The angry Frenchman tears into the captain in a hybrid of French and English.
“We will not get off this plane until someone from customer service is here to help us,” someone screams from the darkness. More anonymous, tired, angry voices follow. “What baggage claim do we go to?” “Why did it take so long for you to cancel this flight?” “Where the hell are the flight attendants?” “Will JetBlue pay for a hotel room?” “My dog is sick, are there any vets open in Queens at this hour?” “Can someone ple-e-ease help me? I have nowhere to go.”
The doors open and a gust of cold air greets us as we deboard the plane into the waiting arms of . . . no one, except the hundreds of haggard figures who have turned JetBlue’s JFK terminal into a refugee camp.
This ominous greeting is nothing compared to what waits for us at baggage claim. With JetBlue flight cancellations accumulating like a real blizzard, there are now, at 2 a.m., close to a thousand people packed into baggage claim and at least three times as many bags strewn across the floor like dead bodies. People mill about crying, exasperated, looking for a JetBlue employee (“call 1-800-JetBlue for customer service”) to help them find their bags, to tell them what’s next. It is a disaster zone.
By the time I find my bags — 5 a.m. — everyhotel room in Queens is booked, so I hunker down with the rest of the airport campers. Over the following days and nights, I roam the airport looking for information, check in to see if I can get on a standby flight (“call 1-800-JetBlue”), eat pizza, wash my face and brush my teeth in the bathroom, sleep on the floor, check my e-mail when I can, talk to fellow refugees. I’ve taken on a real-life version of Tom Hanks’ role in The Terminal. For its part, JetBlue has all but abandoned its post, leaving its customer-service line — which replies every time with, “I’m sorry, our lines are full, please call back at a later date . . . ” — to deal with the crisis. By Thursday evening, I finally give in and book a $150-a-night hotel room in Manhattan to regroup, rest and plot my way home.
The hotel provides me the respite I need to battle JetBlue. I recruit the help of a friend in Los Angeles and we tag-team the customer-service line. I wonder about the folks who couldn’t afford to get out of the airport.

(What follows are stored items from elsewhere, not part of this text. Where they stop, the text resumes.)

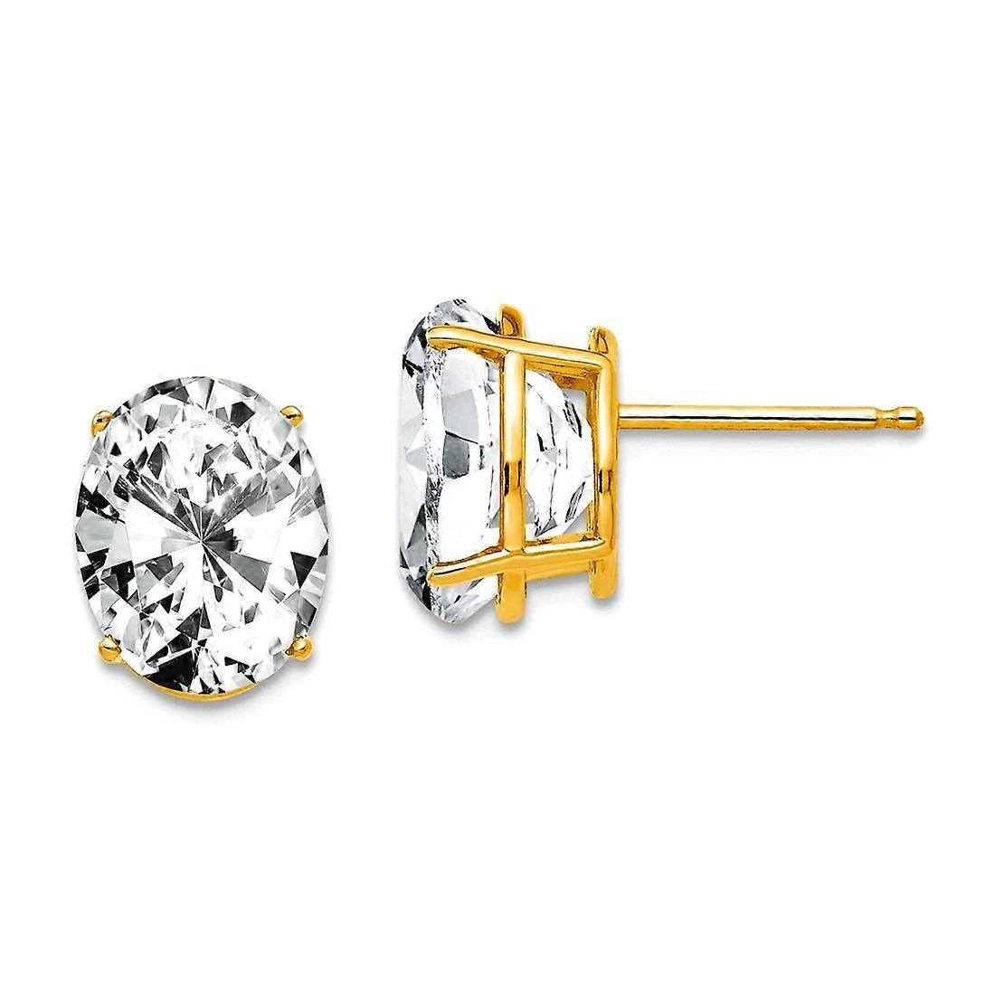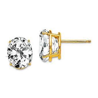 14k Solid Yellow Gold Oval Cubic Zirconia Earrings Stud Earring for Women
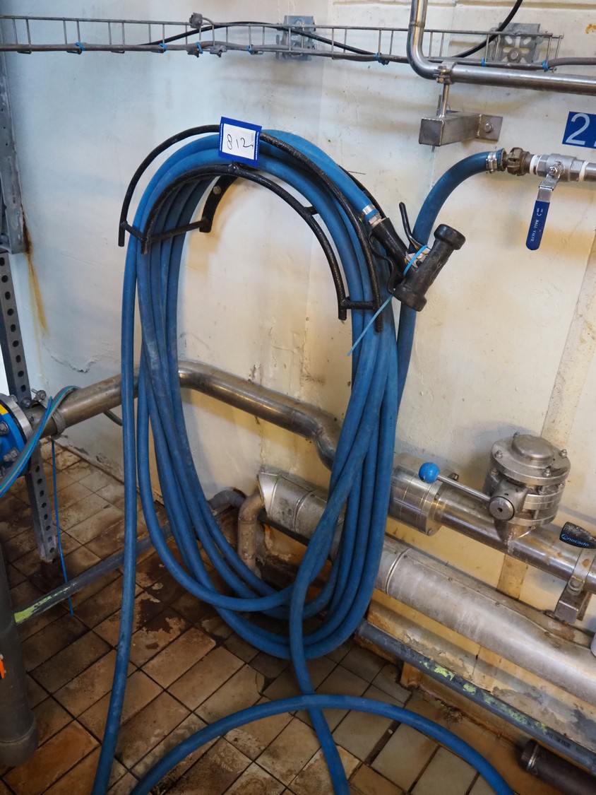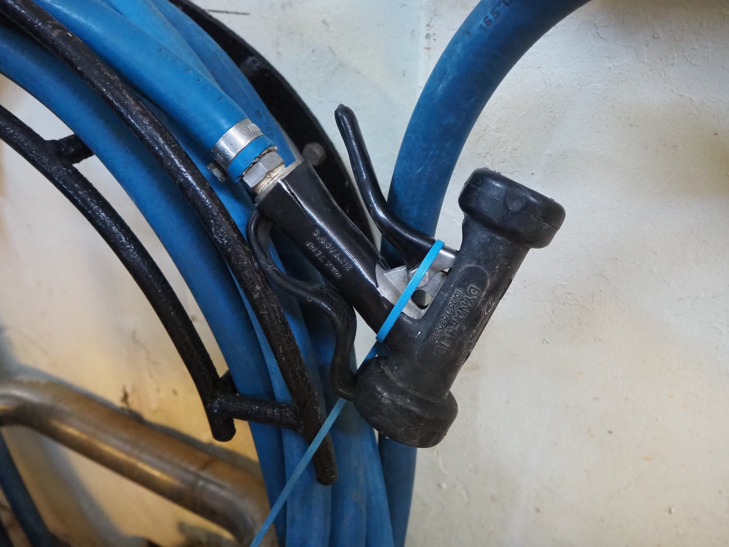 Steel hose reel with plastic hose and spray pistol, dimensions: 700 mm x 240 mm x 340 mm.
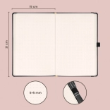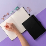 Objavte bodkovaný zápisník NOTIQUE Balacron v elegantnej čiernej farbe. Tento zápisník je cenený pre svoj kvalitný a odolný materiál, ktorý chráni váš obsah pred vonkajším poškodením.
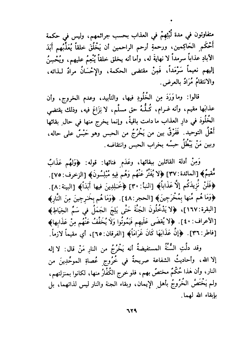 مُتَفَاوِتُونَ فِي مُدَّةِ لُبْثِهِمْ فِي الْعَذَابِ بِحَسَبِ جَرَائِمِهِمْ، وَلَيْسَ فِي حِكْمَةِ أَحْكَمِ الْحَاكِمِينَ وَرَحْمَةِ أَرْحَمِ الرَّاحِمِينَ أَنْ يَخْلُقَ خَلْقًا يُعَذِّبُهُمْ أَبَدَ الْآبَادِ عَذَابًا سَرْمَدًا لَا نِهَايَةَ لَهُ. وَأَمَّا أَنَّهُ يَخْلُقُ خَلْقًا يُنْعِمُ عَلَيْهِمْ وَيُحْسِنُ إِلَيْهِمْ نَعِيمًا سَرْمَدًا، فَمِنْ مُقْتَضَى الْحِكْمَةِ. وَالْإِحْسَانُ مُرَادٌ لِذَاتِهِ، وَالِانْتِقَامُ مُرَادٌ بِالْعَرَضِ.
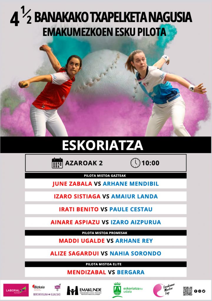 A pesar de que las finales del 21 de diciembre en Bermeo parecen lejanas, el campeonato del Cuatro y Medio femenino también está en marcha y este domingo por la mañana se disputará una eliminatoria de este torneo de la máxima categoría. Nora Mendizabal y Arrate Bergara se enfrentarán en la eliminatoria de la categoría principal, pero como en este campeonato todas las mujeres tienen su hueco, también se jugarán cuatro partidos juveniles y otros dos de promesas, convirtiendo a esta localidad de Debagoiena en un magnífico escaparate de todas las realidades de la pelota femenina actual.
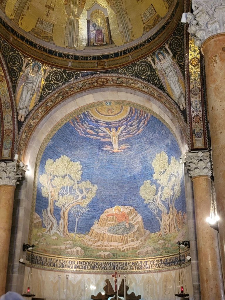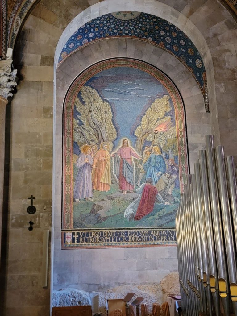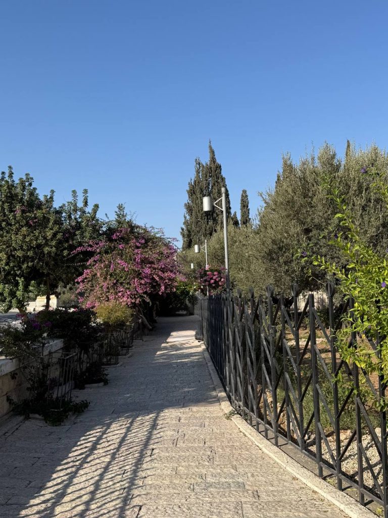 Almost at the bottom of the hill we stopped at the Garden of Gethsemane and the Church of all Nations. Here we sat down for a time of teaching on the suffering of Jesus. After a time for pictures we crossed the street to a private garden where we had a worship service led by Andrew and a time of singing, reflecting on Jesus’s suffering in the garden. I was challenged by the thought of Jesus’s disciples not being able to stay awake and stand by Him in His time of agony of soul. May we stand with our brothers and sisters going through difficult times and not turn away from their pain and suffering.

A day later, my friend awakes me from a deep slumber. “Grab your shit and get to the airport, you’ve got a seat at 4:05.” For the first time in days, I no longer feel like a spirit wandering in limbo trying to find a way home.
The flight takes off only an hour late, Terra Blues chips and spring water flow, flight attendants, still a bit dazed and unsure, try to be jovial. I spot a woman I recognize from my first flight last Tuesday, nearly 100 hours in the murky past. She winks and waves with a smile. We are whole again.